# Support Vector Machine Spam Classification

revision: dcfbda7

Many email services today provide spam filters that are able to classify emails
into spam and non-spam email with high accuracy. In this part of the exercise,
you will use SVMs to build your own spam filter. You will be training a classifier to classify whether a given email, $x$, is spam ($y = 1$) or non-spam ($y = 0$). In particular, you need to convert each
email into a feature vector $x \in \mathbb{R}^n$. The following parts of the exercise will walk you through how such a feature vector can be constructed from an email.


*References:* These exercises are based on the Stanford Machine Learning Course [CS229](http://cs229.stanford.edu) of Andrew Ng.

In [None]:
# @formatter:off
# PREAMBLE
import re
import nltk
import numpy as np
import pandas as pd
import scipy.io as si
import seaborn as sns

%matplotlib inline
sns.set_context("notebook", font_scale=1.1)
sns.set_style("ticks")
%load_ext autoreload
%autoreload 2
# @formatter:on

## Preprocessing Emails

Before starting on a machine learning task, it is usually insightful to
take a look at examples from the dataset.

```
> Anyone knows how much it costs to host a web portal ?
>
Well, it depends on how many visitors youre expecting. This can be
anywhere from less than 10 bucks a month to a couple of $100. You
should checkout http://www.rackspace.com/ or perhaps Amazon EC2 if
youre running something big..
To unsubscribe yourself from this mailing list, send an email to:
groupname-unsubscribe@egroups.com
```

This sample email contains a URL, an email address (at the end), numbers, and dollar
amounts. While many emails would contain similar types of entities (e.g.,
numbers, other URLs, or other email addresses), the specific entities (e.g.,
the specific URL or specific dollar amount) will be different in almost every
email. Therefore, one method often employed in processing emails is to
“normalize” these values, so that all URLs are treated the same, all numbers
are treated the same, etc. For example, we could replace each URL in the
email with the unique string “httpaddr” to indicate that a URL was present.
This has the effect of letting the spam classifier make a classification decision
based on whether any URL was present, rather than whether a specific URL
was present. This typically improves the performance of a spam classifier,
since spammers often randomize the URLs, and thus the odds of seeing any
particular URL again in a new piece of spam is very small.
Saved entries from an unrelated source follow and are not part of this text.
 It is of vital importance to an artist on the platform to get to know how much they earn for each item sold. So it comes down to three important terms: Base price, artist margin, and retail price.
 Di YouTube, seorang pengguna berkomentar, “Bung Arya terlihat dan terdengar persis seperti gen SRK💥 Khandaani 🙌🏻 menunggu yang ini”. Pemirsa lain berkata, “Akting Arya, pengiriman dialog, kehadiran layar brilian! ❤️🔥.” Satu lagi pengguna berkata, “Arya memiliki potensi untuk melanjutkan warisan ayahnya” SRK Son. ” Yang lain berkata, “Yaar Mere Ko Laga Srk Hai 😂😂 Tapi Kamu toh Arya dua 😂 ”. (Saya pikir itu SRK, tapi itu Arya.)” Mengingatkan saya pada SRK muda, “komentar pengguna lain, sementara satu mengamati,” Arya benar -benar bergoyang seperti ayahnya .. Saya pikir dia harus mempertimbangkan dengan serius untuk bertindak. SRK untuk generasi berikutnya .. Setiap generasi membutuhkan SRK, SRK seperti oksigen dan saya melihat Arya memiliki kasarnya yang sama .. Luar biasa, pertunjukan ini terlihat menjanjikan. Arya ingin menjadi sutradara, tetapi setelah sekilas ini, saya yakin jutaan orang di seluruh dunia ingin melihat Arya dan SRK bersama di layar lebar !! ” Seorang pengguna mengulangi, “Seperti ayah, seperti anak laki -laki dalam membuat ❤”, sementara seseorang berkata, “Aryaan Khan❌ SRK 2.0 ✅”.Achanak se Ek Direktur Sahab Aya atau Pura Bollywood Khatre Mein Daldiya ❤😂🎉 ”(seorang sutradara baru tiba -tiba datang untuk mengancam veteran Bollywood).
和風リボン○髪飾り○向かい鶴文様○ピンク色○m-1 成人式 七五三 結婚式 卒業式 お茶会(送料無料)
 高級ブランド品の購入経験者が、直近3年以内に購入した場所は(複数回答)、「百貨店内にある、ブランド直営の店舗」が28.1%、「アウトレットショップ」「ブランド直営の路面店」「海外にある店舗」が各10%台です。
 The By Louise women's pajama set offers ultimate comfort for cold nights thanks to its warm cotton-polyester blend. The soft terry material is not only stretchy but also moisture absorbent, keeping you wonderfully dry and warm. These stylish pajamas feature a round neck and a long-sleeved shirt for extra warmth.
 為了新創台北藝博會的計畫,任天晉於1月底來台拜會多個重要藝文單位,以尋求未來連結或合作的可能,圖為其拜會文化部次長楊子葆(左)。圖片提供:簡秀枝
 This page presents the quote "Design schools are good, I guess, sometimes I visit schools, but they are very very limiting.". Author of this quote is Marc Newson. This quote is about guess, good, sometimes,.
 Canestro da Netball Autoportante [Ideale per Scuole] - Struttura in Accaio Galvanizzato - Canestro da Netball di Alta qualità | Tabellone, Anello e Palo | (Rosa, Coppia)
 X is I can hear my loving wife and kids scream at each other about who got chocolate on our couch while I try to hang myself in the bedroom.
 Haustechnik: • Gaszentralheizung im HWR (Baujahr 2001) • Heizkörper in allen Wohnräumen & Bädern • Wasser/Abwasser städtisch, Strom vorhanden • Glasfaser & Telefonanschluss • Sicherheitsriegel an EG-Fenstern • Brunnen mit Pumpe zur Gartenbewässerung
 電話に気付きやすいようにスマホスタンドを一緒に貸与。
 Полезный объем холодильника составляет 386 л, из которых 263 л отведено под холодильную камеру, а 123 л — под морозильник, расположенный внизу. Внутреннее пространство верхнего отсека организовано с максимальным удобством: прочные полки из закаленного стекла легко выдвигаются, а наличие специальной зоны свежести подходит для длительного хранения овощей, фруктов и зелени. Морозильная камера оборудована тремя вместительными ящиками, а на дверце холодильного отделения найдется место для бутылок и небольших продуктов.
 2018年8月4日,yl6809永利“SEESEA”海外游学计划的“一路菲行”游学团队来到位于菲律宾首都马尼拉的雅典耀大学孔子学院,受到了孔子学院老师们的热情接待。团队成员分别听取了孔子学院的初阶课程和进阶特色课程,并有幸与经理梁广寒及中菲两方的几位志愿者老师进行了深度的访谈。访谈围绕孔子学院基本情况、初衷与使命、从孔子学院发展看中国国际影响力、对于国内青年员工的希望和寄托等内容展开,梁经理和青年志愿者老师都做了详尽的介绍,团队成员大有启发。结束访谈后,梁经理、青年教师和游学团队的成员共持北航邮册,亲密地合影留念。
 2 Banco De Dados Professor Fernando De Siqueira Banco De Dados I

In `normalizeEmail`, we have implemented the following email preprocessing
and normalization steps:

* **Lower-casing**: The entire email is converted into lower case, so
that captialization is ignored (e.g., `IndIcaTE` is treated the same as
`Indicate`).

* **Stripping HTML**: All HTML tags are removed from the emails.
Many emails often come with HTML formatting; we remove all the
HTML tags, so that only the content remains.

* **Normalizing URLs**: All URLs are replaced with the text "`httpaddr`".

* **Normalizing Email Addresses**: All email addresses are replaced
with the text "`emailaddr`".

* **Normalizing Numbers**: All numbers are replaced with the text "`number`".

* **Normalizing Dollars**: All dollar signs ($) are replaced with the text "`dollar`".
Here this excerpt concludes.